DENPASAR-fajarbali.com | Seluruh elemen masyarakat, termasuk kalangan jurnalis, menunjukkan kepedulian terhadap Lembaga Perkreditan Desa (LPD). Hal ini dibuktikan dengan digelarnya Forum Diskusi Nasional Peduli LPD yang dilaksanakan di Gedung Persatuan Wartawan Indonesia (PWI) Bali, Rabu (18/12/2024).
Dalam diskusi itu terungkap bahwa di Bali terdapat 1.439 LPD dari 1.500 Desa Adat. Data terbaru mencatat total aset LPD mencapai Rp33, 7 Triliun. Belakangan kasus LPD kian merebak, tidak sedikit pengurus yang dijebloskan ke ranah hukum.
Kabid Pembinaan Perekonomian Desa Adat Pemajuan Masyarakat Adat ( PMA) Provinsi Bali I Made Doni Raditya menerangkan, lemahnya tata kelola LPD sejauh ini menjadi pemicu berbagai kasus LPD bermasalah di Bali.
Kelemahanya belum banyak LPD memiliki perarem yang mengatur tata kelola LPD yang dipayungi oleh Awig-awig sesuai Perda Provinsi Bali ini yang sedang kita dorong kepada seluruh Desa Adat di Bali.
“Ada kesenjangan dalam penerapan tata kelola LPD. Pertama kesenjangan regulasi, awig, perarem dan turunanya yang mengatur, mengawasi dan mengelola LPD. Belum semua LPD memilikinya,” ucap Doni.
Selanjutnya kesenjangan kelembagaan yaitu penerapan tata kelola modern, kompetensi SDM hingga teknologi.
Selain itu, Kedudukan LPD di desa adat banyak belum dipahami, padahal LPD adalah milik desa adat, ada krama kedudukanya paling tinggi, kemudian pengurus desa adat , ada kertha desa, yang mengawasi, ada fungsi kontrol disana, sehingga pengurus LPD bekerja berdasarkan tata kelola yang telah diatur berdasarkan perarem.
Sementara itu pembicara lainya IB Rai Dharmawijaya Mantra yang juga Anggota DPD RI Perwakilan Bali mengungkapkan bicara LPD saat ini ekosistemnya yang hilang dan sebaiknya dibangkitkan lagi, sehingga apa yang menjadi ide tentang modal budaya agar tetap dijaga harga dirinya.

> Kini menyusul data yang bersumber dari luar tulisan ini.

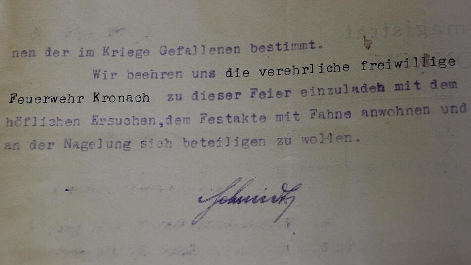 Wich erzähltNeben der Nagelung berichtet Hermann Wich noch weiter aus dem Nähkästchen eines ehemaligen Stadtarchi vars über den Ersten Weltkrieg in Kronach. Nikolaus Schmidt war seinen Worten von 1912 bis 1933 das Kronacher Stadtoberhaupt. Schmidt leitete auch die Nagelungsfeier bei einem riesigen Menschenandrang vor dem Rosenturm. Die Nazis haben den Kommunalpolitiker letztlich ohne Pensionsansprüche geschasst.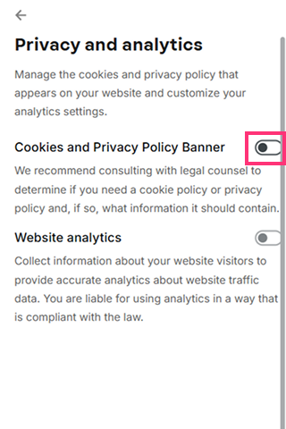 - You can enable the Cookie and Privacy Policy Banner by switching the toggle:

“Prioritas utama yakni memperbaiki ekosistem LPD. Pasca lepasnya BPD sebagai pembina, praktis tata kelola LPD ‘berantakan’ & pengurusnya ‘kalang kabut’. Saat ini pemangku kepentingan terfokus pada hal lain yang justru
“Perbaiki dan maksimalkan yang sudah ada. LPD bukan bussiness enterprise murni, terdapat nilai sosio-kultural di dalamnya. Jadi jangan menambah core bisnis dalam LPD,” kata mantan Wali Kota Denpasar itu.

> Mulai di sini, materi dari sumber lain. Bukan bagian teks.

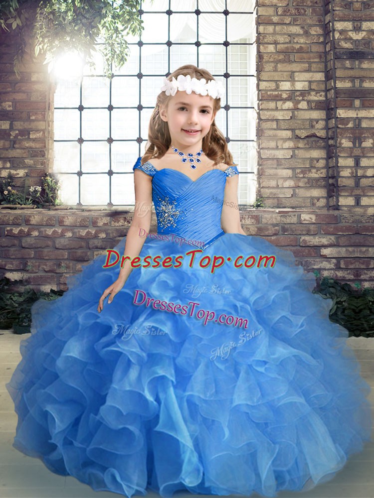 High Class Beading and Ruching Little Girls Pageant Dress Wholesale Blue Lace Up Sleeveless Floor Length

Kasi II Bidang Sosial Politik Kejati Bali Anak Agung Jayalantara mengingatkan dari berbagai kasus LPD perlu ada tata kelola yang matang.
Menjadi komitmen bersama bahwa LPD perlu dijaga sebagai aset untuk menopang adat dan budaya. Namun ruang lingkup LPD belakangan semakin meluas. Nasabah LPD menyentuh hingga di luar masyarakat di suatu wilayah desa adat, bahkan WNA.
Ketika ada kasus kredit macet atau dana nasabah tidak bisa dikembalikan bagaimana mekanisme tanggung jawab pengurus untuk mengembalikan dana masyarakatnya.
“Saat ini yang bisa “mempailitkan” LKM dalam UU Penguatan Ekonomi Perbankan adalah OJK. Namun, karena LPD dikecualikan, maka kreditur bisa mengajukan pailit, cukup bahaya bisa -bisa aset LPD melayang, ” kata Jayalantara.
Pihaknya menyarankan, jika ingin berdiri dalam level makro, yang harus dikembangkan adalah BUPDA dengan membentuk LK berbadan hukum seperti BPR sehingga mampu menampung aset yang lebih lebih besar.
Selain tiga pembicara dalam agenda Forum Diskusi Nasional Media Peduli LPD mengambil tema “ Sinergitas Penguatan Ekonomi Desa Adat Bersama LPD” , menghadirkan pula pembicara Kapolda Bali diwakili Panit 2 unit 3 Subdit Tipidkor Ditreskrimsus Polda Bali Ipda Si Ngurah Putu Kusumayadi, Ketua Majelis Desa Adat (MDA) Provinsi Bali diwakili Patajuh Baga IV Bidang Ekonomi MDA Bali I Ketut Madra.